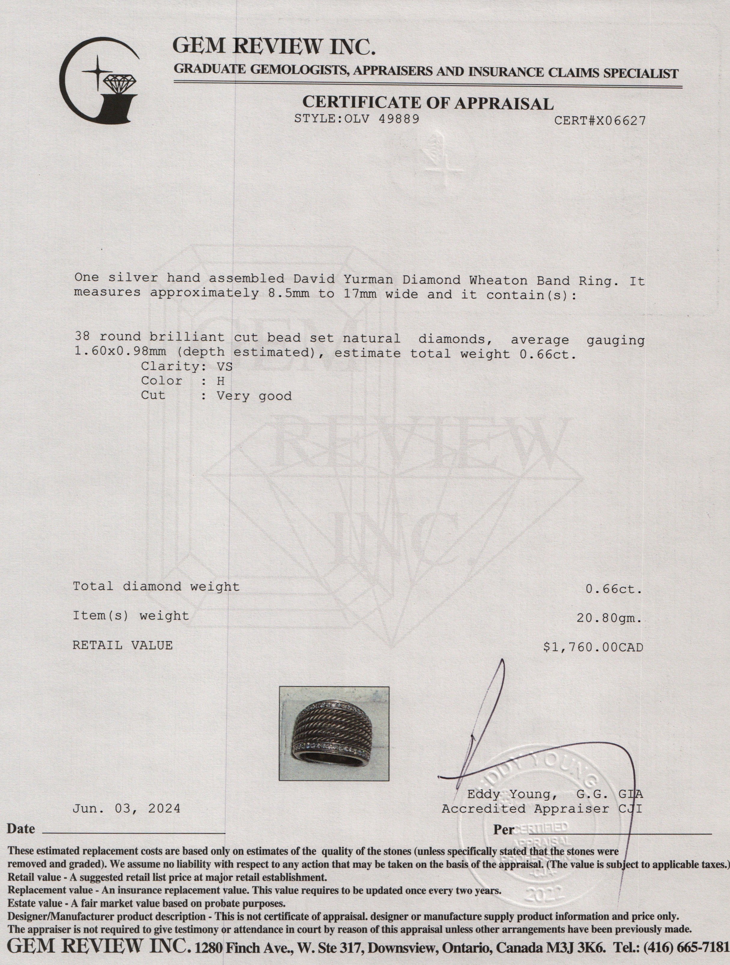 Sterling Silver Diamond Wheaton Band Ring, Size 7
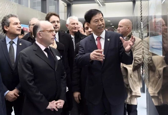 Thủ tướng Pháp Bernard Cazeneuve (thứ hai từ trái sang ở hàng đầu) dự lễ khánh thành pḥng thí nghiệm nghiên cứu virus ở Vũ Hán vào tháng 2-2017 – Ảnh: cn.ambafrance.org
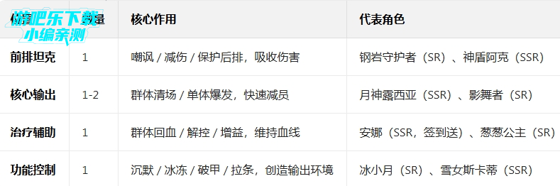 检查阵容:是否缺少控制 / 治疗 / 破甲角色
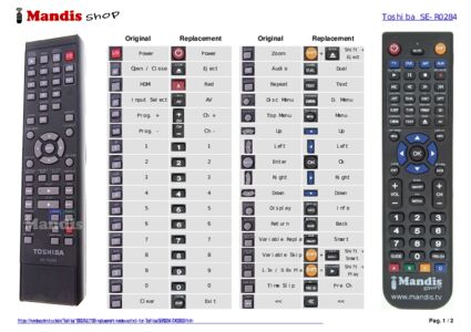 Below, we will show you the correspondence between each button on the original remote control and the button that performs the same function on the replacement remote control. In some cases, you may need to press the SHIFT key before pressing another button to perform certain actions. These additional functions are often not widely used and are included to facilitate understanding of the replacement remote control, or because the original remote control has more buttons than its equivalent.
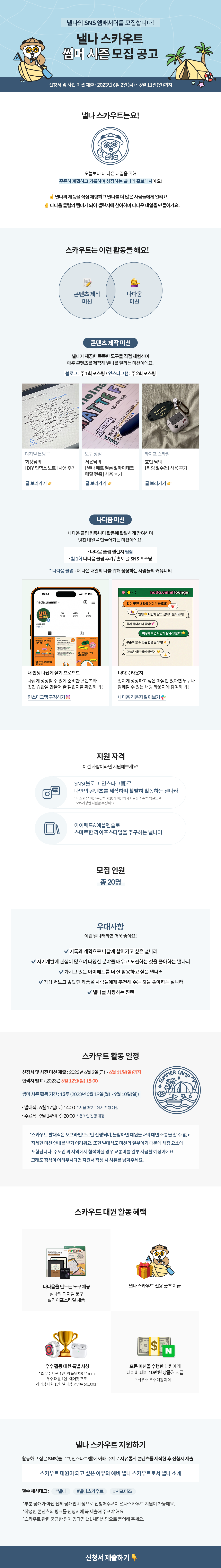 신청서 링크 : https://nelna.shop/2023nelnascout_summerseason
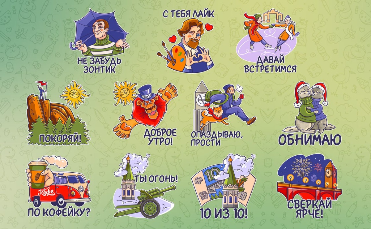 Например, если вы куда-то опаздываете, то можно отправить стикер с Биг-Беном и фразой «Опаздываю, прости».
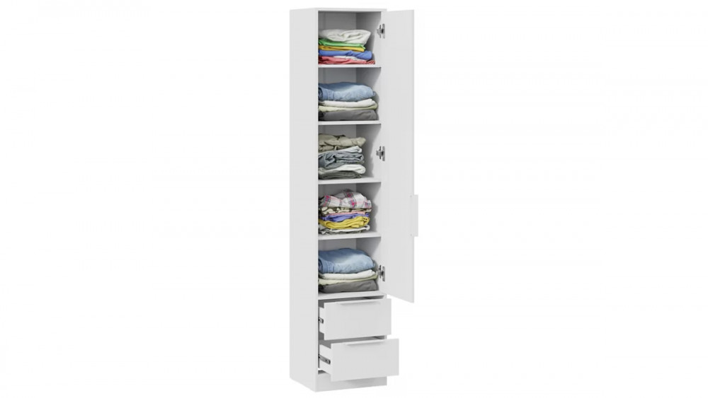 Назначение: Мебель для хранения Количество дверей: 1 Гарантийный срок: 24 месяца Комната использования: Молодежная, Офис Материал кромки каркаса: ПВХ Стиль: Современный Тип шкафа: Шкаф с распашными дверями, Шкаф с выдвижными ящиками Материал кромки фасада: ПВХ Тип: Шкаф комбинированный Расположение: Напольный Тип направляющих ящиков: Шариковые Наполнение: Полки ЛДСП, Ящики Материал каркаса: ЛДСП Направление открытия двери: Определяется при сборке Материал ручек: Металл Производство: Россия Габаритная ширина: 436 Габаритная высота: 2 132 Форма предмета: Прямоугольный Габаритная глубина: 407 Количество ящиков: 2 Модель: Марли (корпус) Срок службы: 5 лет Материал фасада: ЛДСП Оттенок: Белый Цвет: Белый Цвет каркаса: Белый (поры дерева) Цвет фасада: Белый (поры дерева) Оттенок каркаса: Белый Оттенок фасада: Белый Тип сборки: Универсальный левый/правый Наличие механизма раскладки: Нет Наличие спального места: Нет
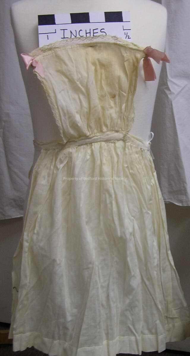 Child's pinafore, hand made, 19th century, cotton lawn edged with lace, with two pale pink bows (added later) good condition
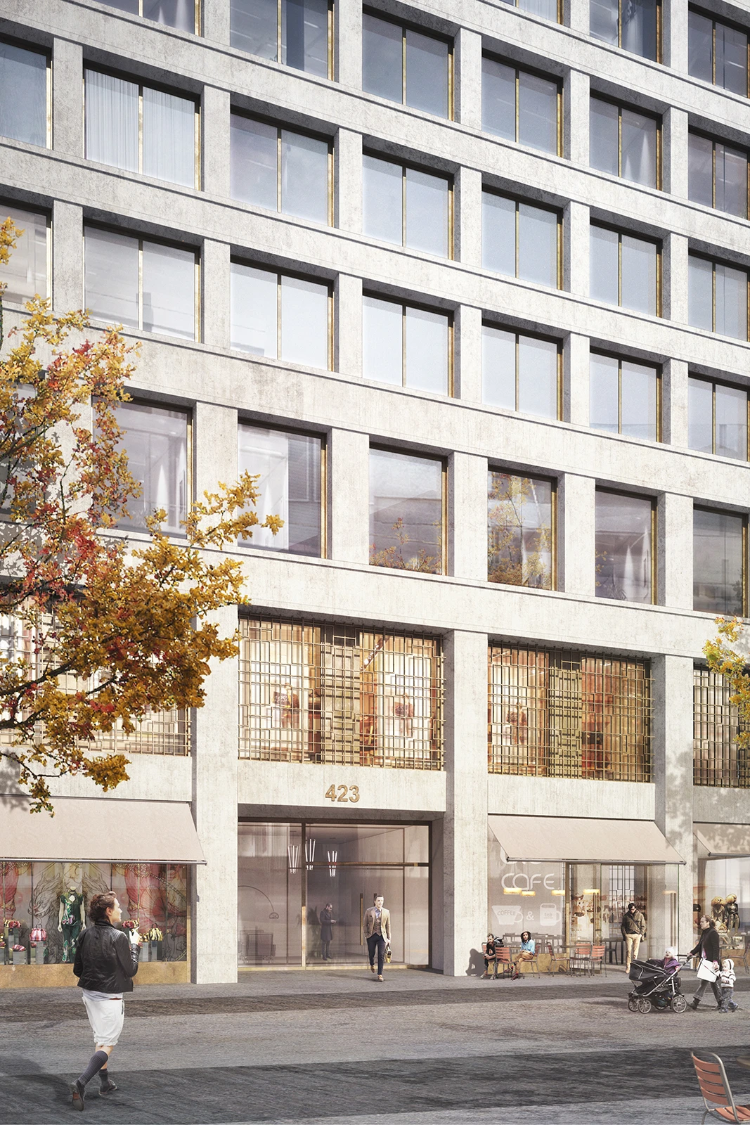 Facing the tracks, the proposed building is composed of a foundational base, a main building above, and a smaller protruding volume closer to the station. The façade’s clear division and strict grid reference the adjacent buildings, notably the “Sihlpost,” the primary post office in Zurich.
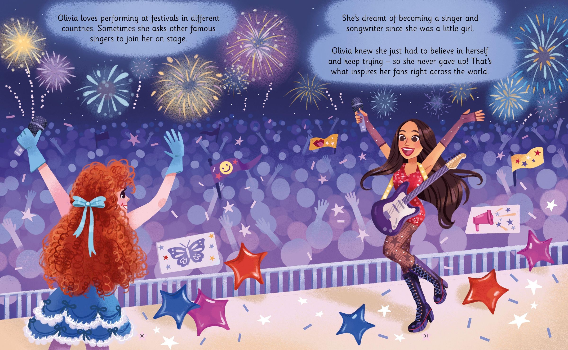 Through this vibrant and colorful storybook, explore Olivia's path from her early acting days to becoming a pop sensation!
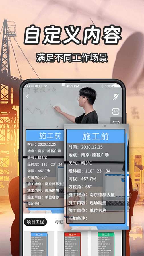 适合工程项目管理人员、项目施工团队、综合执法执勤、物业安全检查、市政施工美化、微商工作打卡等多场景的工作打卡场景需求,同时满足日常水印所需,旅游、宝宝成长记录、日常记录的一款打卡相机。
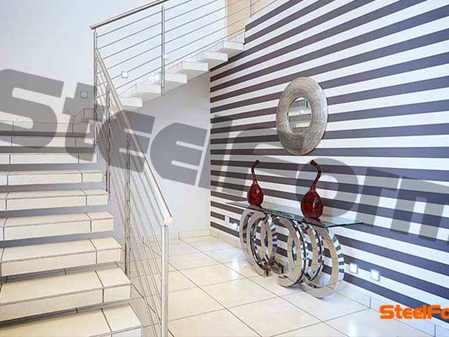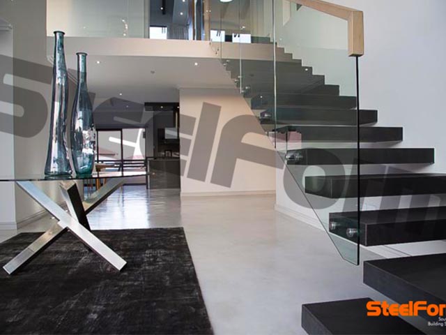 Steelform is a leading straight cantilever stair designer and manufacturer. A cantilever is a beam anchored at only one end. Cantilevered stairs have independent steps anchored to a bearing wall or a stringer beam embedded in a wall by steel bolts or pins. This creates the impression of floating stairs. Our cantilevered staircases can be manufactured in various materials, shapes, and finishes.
□ □ □
#### INSTRUCTIONS FOR THE TASK:
Print nothing except the lines from the one with "适合工程项目管理人员、项目施" through the last line of the listing, exactly as written and with pictures removed.

#### RESULT BELOW:
 适合工程项目管理人员、项目施工团队、综合执法执勤、物业安全检查、市政施工美化、微商工作打卡等多场景的工作打卡场景需求,同时满足日常水印所需,旅游、宝宝成长记录、日常记录的一款打卡相机。
 Steelform is a leading straight cantilever stair designer and manufacturer. A cantilever is a beam anchored at only one end. Cantilevered stairs have independent steps anchored to a bearing wall or a stringer beam embedded in a wall by steel bolts or pins. This creates the impression of floating stairs. Our cantilevered staircases can be manufactured in various materials, shapes, and finishes.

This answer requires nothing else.